What you have done with these declarations, is say that studentAnswers and answerKey are "within the scope of the getData() method". This means that they cannot be referenced elsewhere, and is the cause of the compiler error within main().

One way to do this is to declare the variables globally - such as public static String answerKey; just under public class GradeResults {, but you have been asked specifically not to do this (and for good reason, which I won't get into).

A different way I would recommend is to "encapsulate" the variables. This is a fancy programming word which roughly means wrap up the data and behaviour into an object, and let the object decide how to behave, and change itself. I'll give you one way you could get started with this (there are many, many ways you could do it). That is to encapsulate all the information about a student within an object, which we can create, using a new class, called Student.

 // this is a new class, and will have to be saved in a file called Student.java
public class Student {

    // these are field declarations
    private int id;
    private String answers;

    // this is the constructor, it creates a new instance of Student
    public Student(int newStudentsId, String newStudentsAnswers) {
        // these lines take the parameters (in brackets on the line above)
        // and assign them to the fields of this instance
        this.id = newStudentsId;
        this.answers = newStudentsAnswers;
    }

    // after this you could have getters for the fields,
    // these are often referred to as "accessors" in introductory texts
    // this is all I'll give you of this example, to get you started

} // End of class Student.java

The remaining compiler errors you see are slightly easier:

Incompatible operand types String and char

In the code:

public static int gradeTally(String[] letterGrade) {
  // other code
    if(letterGrade[i] == 'A') a++;  // error on this line

The type of the variable referenced by letterGrade[i] is a String, and the constant 'A' is a char. There are two choices for fixing this

  • change the 'A' to "A", notice double quotations instead of single, single is for char types, double is for String types. Other choice is:
  • change the type of the letterGrade array to char[] letterGrade where it's declared (in the parameter list of the method signature).

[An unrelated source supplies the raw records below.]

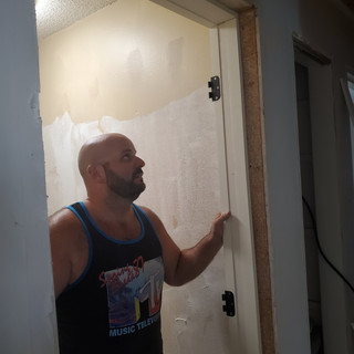 Check out the wall behind him, I started skim coating it and only got as high as I could reach without a step stool 🤣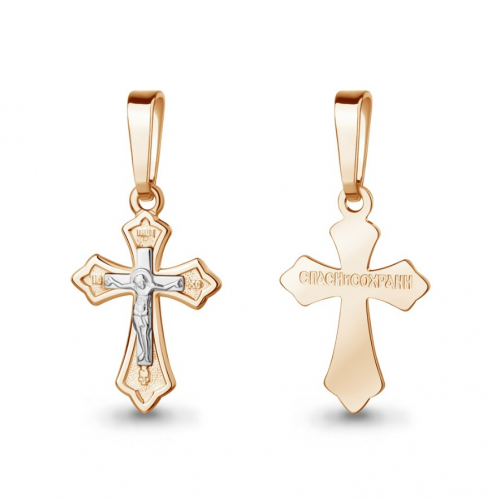 Православный крестик выполнен из благородного сочетания красного и белого золота 585 пробы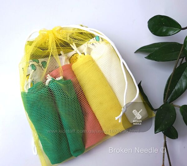 Эко мешочки-сеточки, набор эко мешочков лимон, многоразовые эко пакеты

This is roughly the same problem which is causing the compiler error:

Cannot invoke charAt(int) on the primitive type int

With the code:

total = studentAnswers[i].charAt(a);

charAt is a method of the String class, therefore studentAnswers[i] must refer to a variable of type String. But it is declared as int[] studentAnswers, so there's a "type mismatch" there.

There's a lot to think about here, and I've left plenty of gaps which you'll have to fill in yourself. A good introductory text on object oriented programming with Java (for example Objects First With Java) should cover everything you need.